| Material to process |

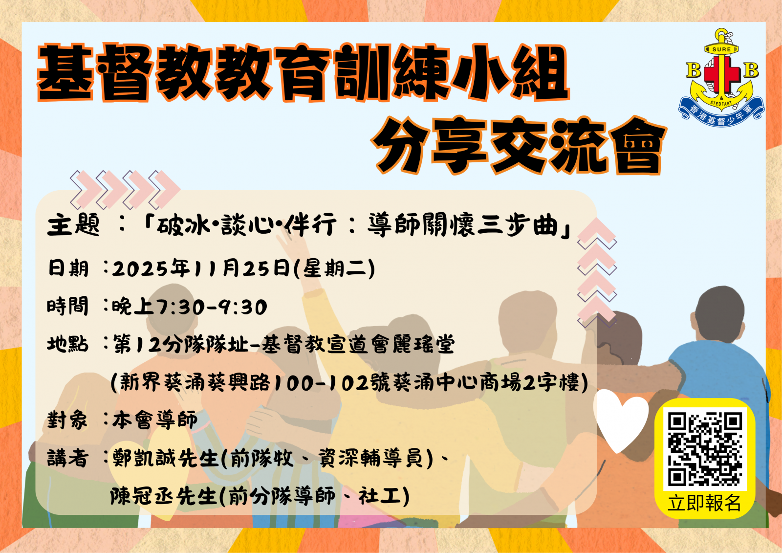 內容︰透過牧者及社工的經驗分享,學習怎樣關心隊員們的精神健康,與隊員打開話題及回應他們的需要。
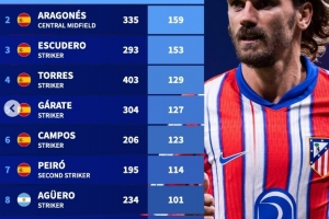 马竞队史射手榜:格列兹曼200球居首,托雷斯、阿圭罗在列
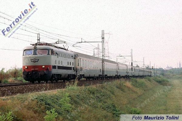 Da molto tempo, ormai, la meravigliosa livrea grigio e avorio ha lasciato il posto a quella XMPR che, assieme al recente avvio delle operazioni di revamping sta snaturando queste graditissime carrozze. Come sempre, però, per concludere questa rubrica preferiamo ricordarle nella loro veste più utilizzata al traino di uno dei più amati locomotori mai realizzati dalle FS. Con in testa la E.444.077 ben 4 vetture formano la prima classe di un elegante Intercity, per Milano in transito appena dopo il ponte sul Po di Piacenza. Fine anni '80. (Foto Maurizio Tolini)
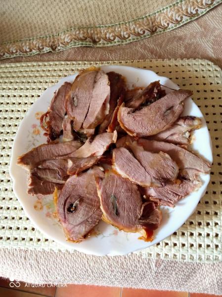 Linda pata de borrego asada, hasta aquí llega el delicioso aroma y esa salsita para mojar.......
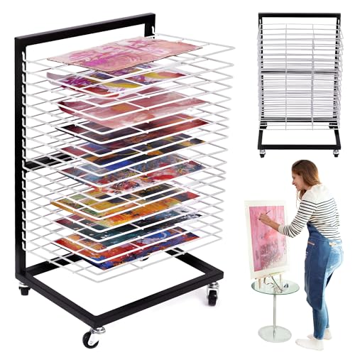 Litet Konsttorkställ För Klassrum | Funktionellt & Flyttbart Färgtorkställ | 19 Avtagbara Hyllor | Målardukställ Konst Förvaring | Taveltorkställ Med Hjul | Art Drying Rack Small
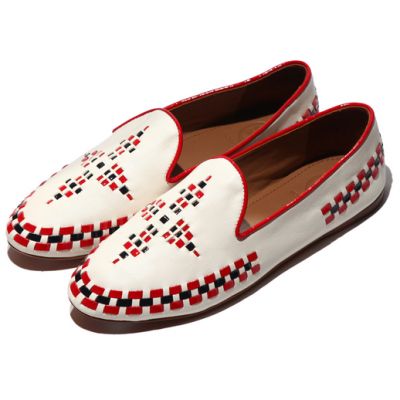 TORY BURCH 白红色织皮平底鞋 / 售价待定
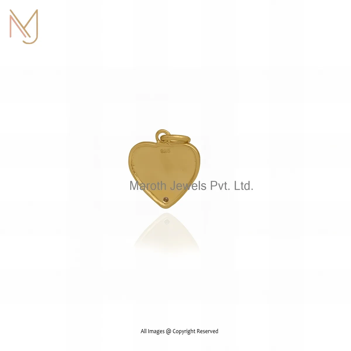 925 Silver Yellow Gold Plated Cubic Zircon Fluted Heart Pendant Custom Jewelry
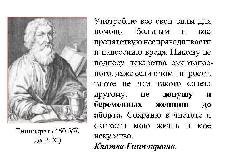 Гиппократ (460 -370 до Р. Х. ) Употреблю все свои силы для помощи больным и воспрепятствую несправедливости и нанесению вреда. Никому не поднесу лекарства смертоносного, даже если о том попросят, также не дам такого совета другому, не допущу и беременных женщин до аборта. Сохраню в чистоте и святости мою жизнь и мое искусство. Клятва Гиппократа.
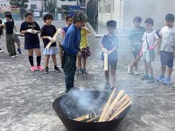夏休み前は、鴨居原市民の森のみなさんと竹の灯篭をつくり、できあがった灯篭を竹山のお祭りで飾りました。
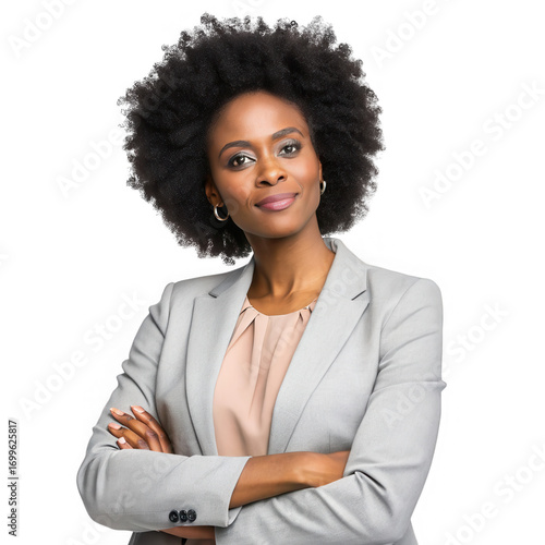 Confident professional black woman with voluminous hair and blazer arms crossed posed image
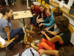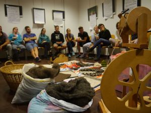 Neben wissenschaftlichen Beiträgen und Exkursionen gab es auch ganz praktische Arbeitseinheiten. Für letztere waren insbesondere die BildungspartnerInnen eine Bereicherung fürs Projektteam, da sie selbst Schafe züchten, Wolle handwerklich verarbeiten und vermarkten oder in verschiedenen regionalen Initiativen und Projekten engagiert sind – und damit also richtige Experten für die Praxis sind!
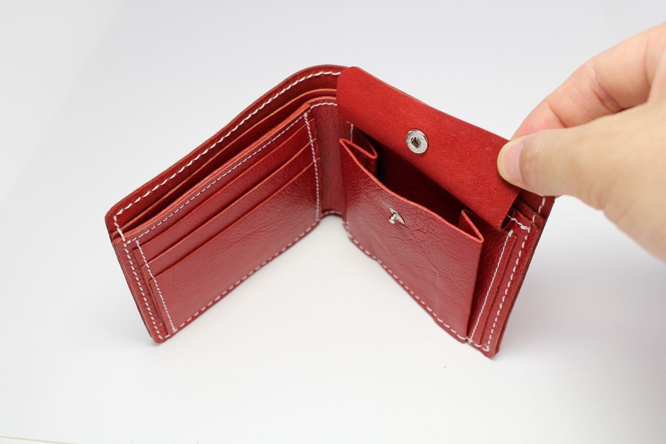 上質なイタリア産牛革のみを使用しており、とてもやさしい手触りの二つ折り財布です。
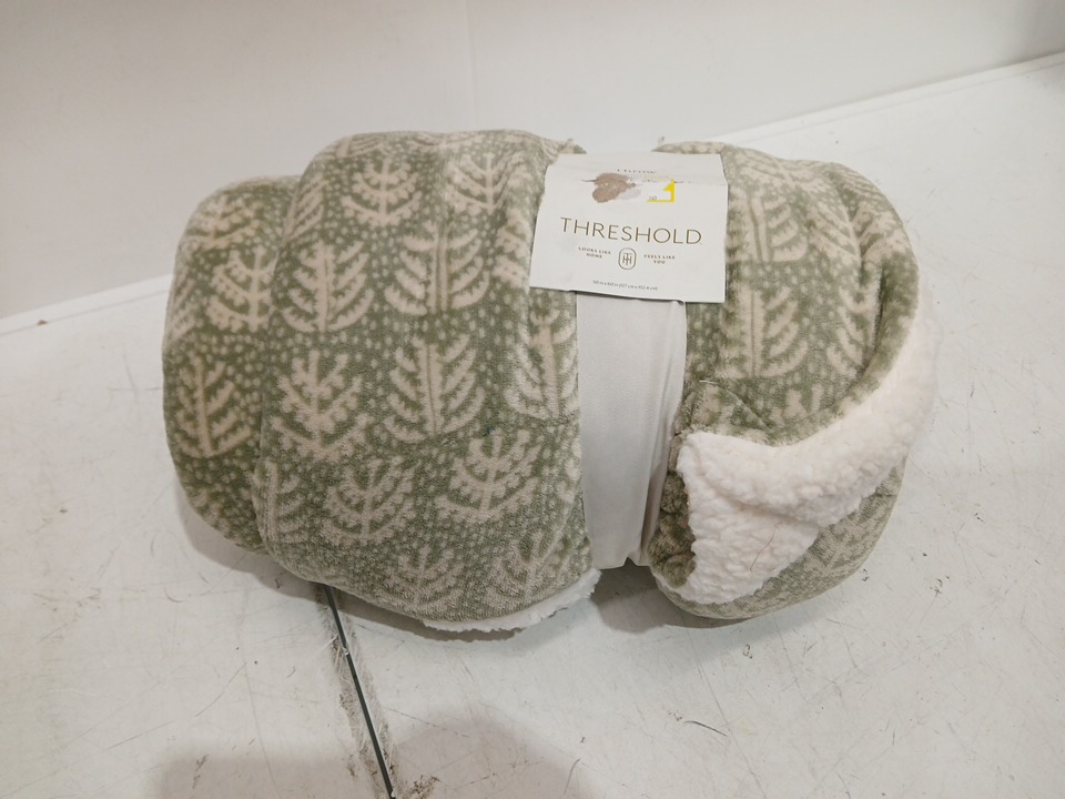 threshold holiday christmas sherpa super soft throw blanket - 50" x 60" - green trees
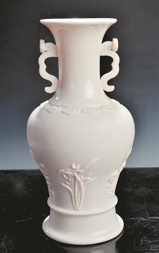通過對古瓷的收藏研究,陳明良也形成了自己獨(dú)特的風(fēng)格。“蒲團(tuán)觀音”、“千年窯火”、“水月觀音”、“佛光普照”、“文昌帝君”等一些系列作品都是他的杰作。同時(shí),他再現(xiàn)了“象牙白”“玉白”“豬油白”“蔥根白”“孩兒紅”等珍瓷,加上活靈活現(xiàn)的刻畫雕塑,使作品幾近完美無瑕,達(dá)到爐火純青的境界。
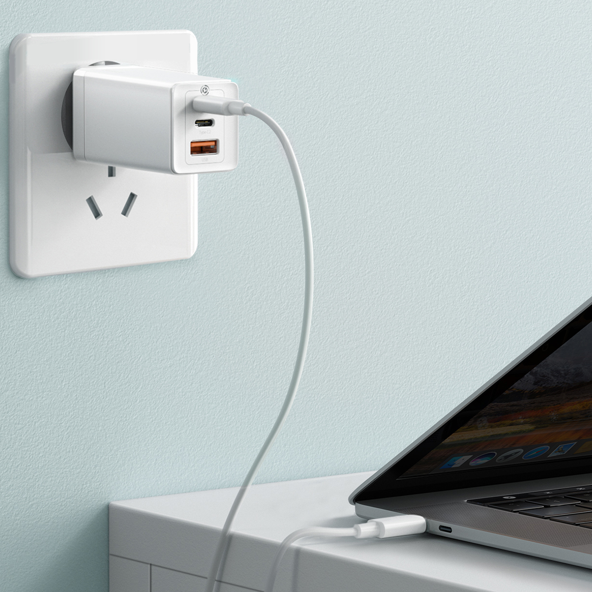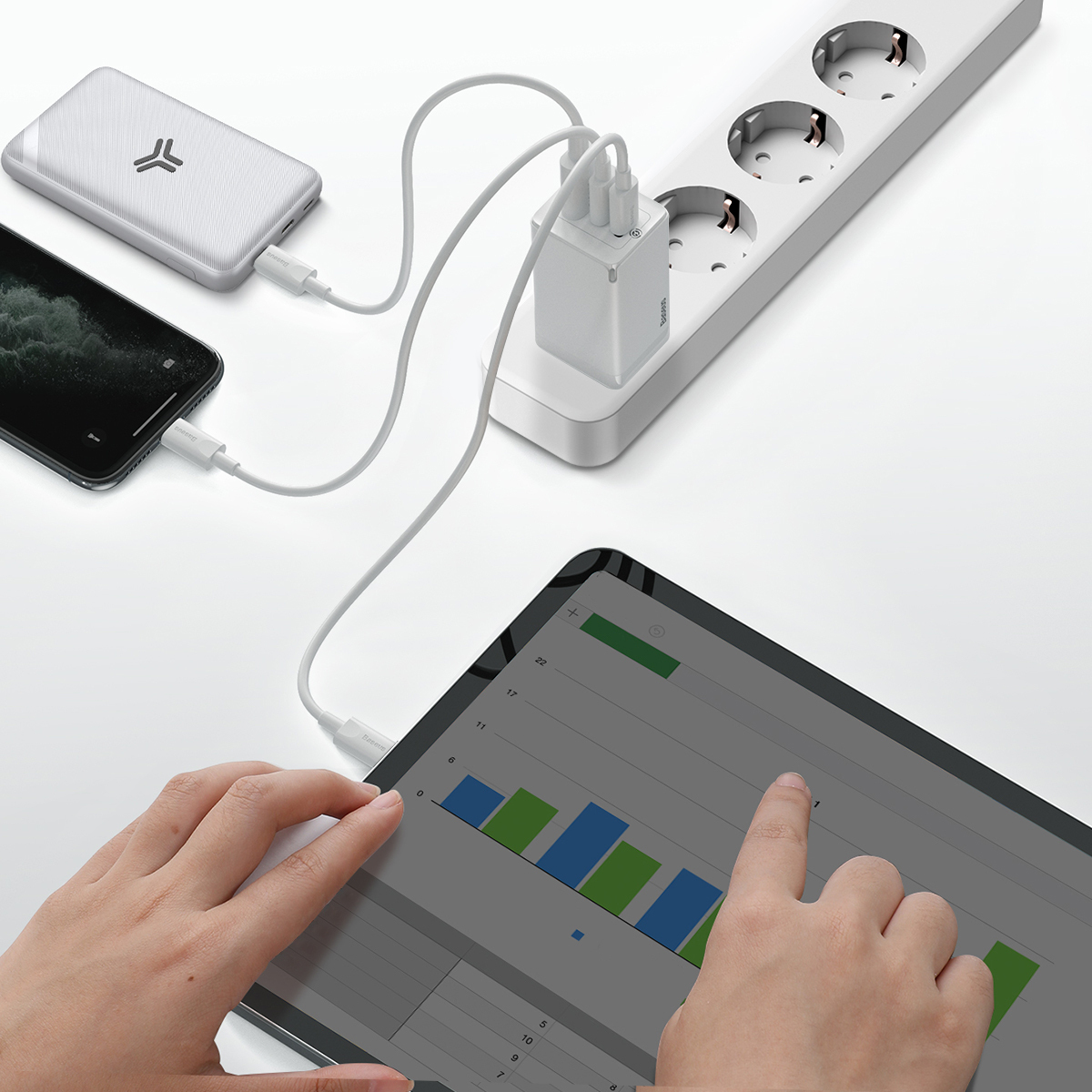 Сетевое зарядное устройство Baseus GaN2 Pro Quick Charger 2*C+U 65W EU White (CCGAN2P-B02)
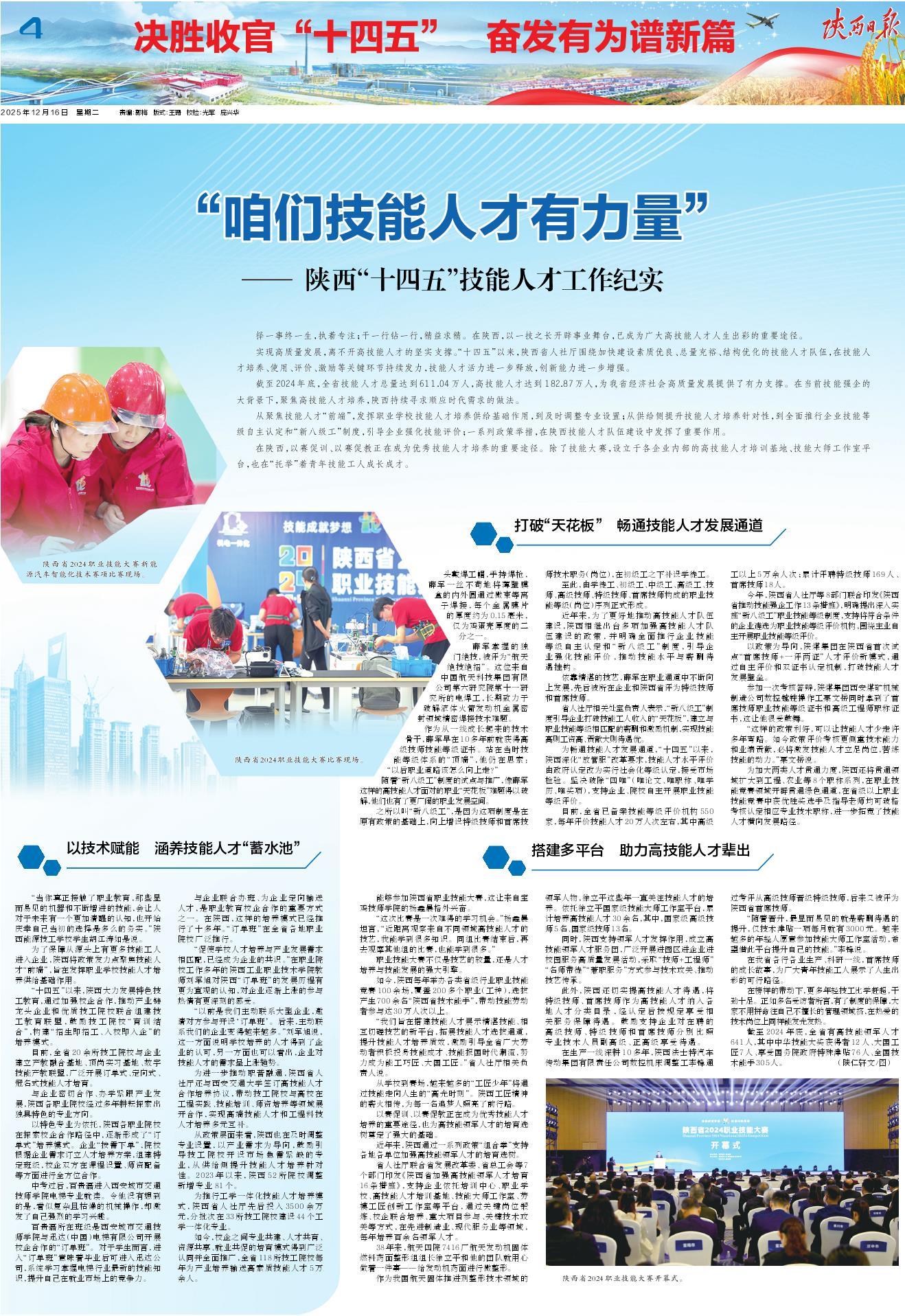 从聚焦技能人才“前端”,发挥职业学校技能人才培养供给基础作用,到及时调整专业设置;从供给侧提升技能人才培养针对性,到全面推行企业技能等级自主认定和“新八级工”制度,引导企业强化技能评价;一系列政策举措,在陕西技能人才队伍建设中发挥了重要作用。

| Task goal |
Give back the exact lines above, running from the one that has "马竞队史射手榜:格列兹曼200球居首,托雷斯、阿圭罗在列" through the one that has "Confident professional black", with nothing added and no pictures.

| Your solution |
 马竞队史射手榜:格列兹曼200球居首,托雷斯、阿圭罗在列
 Da molto tempo, ormai, la meravigliosa livrea grigio e avorio ha lasciato il posto a quella XMPR che, assieme al recente avvio delle operazioni di revamping sta snaturando queste graditissime carrozze. Come sempre, però, per concludere questa rubrica preferiamo ricordarle nella loro veste più utilizzata al traino di uno dei più amati locomotori mai realizzati dalle FS. Con in testa la E.444.077 ben 4 vetture formano la prima classe di un elegante Intercity, per Milano in transito appena dopo il ponte sul Po di Piacenza. Fine anni '80. (Foto Maurizio Tolini)
 Linda pata de borrego asada, hasta aquí llega el delicioso aroma y esa salsita para mojar.......
 Litet Konsttorkställ För Klassrum | Funktionellt & Flyttbart Färgtorkställ | 19 Avtagbara Hyllor | Målardukställ Konst Förvaring | Taveltorkställ Med Hjul | Art Drying Rack Small
 TORY BURCH 白红色织皮平底鞋 / 售价待定
 925 Silver Yellow Gold Plated Cubic Zircon Fluted Heart Pendant Custom Jewelry
 Гиппократ (460 -370 до Р. Х. ) Употреблю все свои силы для помощи больным и воспрепятствую несправедливости и нанесению вреда. Никому не поднесу лекарства смертоносного, даже если о том попросят, также не дам такого совета другому, не допущу и беременных женщин до аборта. Сохраню в чистоте и святости мою жизнь и мое искусство. Клятва Гиппократа.
夏休み前は、鴨居原市民の森のみなさんと竹の灯篭をつくり、できあがった灯篭を竹山のお祭りで飾りました。
 Confident professional black woman with voluminous hair and blazer arms crossed posed image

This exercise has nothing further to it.